Can I use unencoded ampersands (&) in html?

Peter picture Peter · Jun 27, 2012 · Viewed 9.6k times · Source

I'm building a website where I have to work with less then perfect masterdata (I guess I'm not the only one :-))

In my case I have to render an xml filte to html (using xsl). Sometimes the masterdata is using html-enitites allready (eg ;é in french words) so there I have to use 'disable-output-escaping='yes') there in order to avoid double encoding.

The easiest solution is disable output escaping all together, so I never run the risk of a double encoding.

The only characters that misses encoding for this masterdata are the ampersands. But when I parse them 'raw' (so rather & than & all browsers seem to be ok with it.

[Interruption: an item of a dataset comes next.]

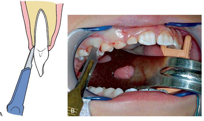 (A) The knife is angled slightly away from the tooth and incises soft tissue, including the periosteum, at crestal bone. (B) The incision is started posteriorly and is carried anteriorly, with care taken to incise completely through the interdental papilla

So the question : what are the consequenses of using not encoded ampersands in html?

Answer

Razor picture Razor · Jun 27, 2012

It depends

The best research I have seen on this topic can be found here

In HTML5 you should escape all of the ampersands that do not fall in the categories below:

An ambiguous ampersand is a U+0026 AMPERSAND character (&) that is followed by one or more characters in the range U+0030 DIGIT ZERO (0) to U+0039 DIGIT NINE (9), U+0061 LATIN SMALL LETTER A to U+007A LATIN SMALL LETTER Z, and U+0041 LATIN CAPITAL LETTER A to U+005A LATIN CAPITAL LETTER Z, followed by a U+003B SEMICOLON character (;), where these characters do not match any of the names given in the named character references section.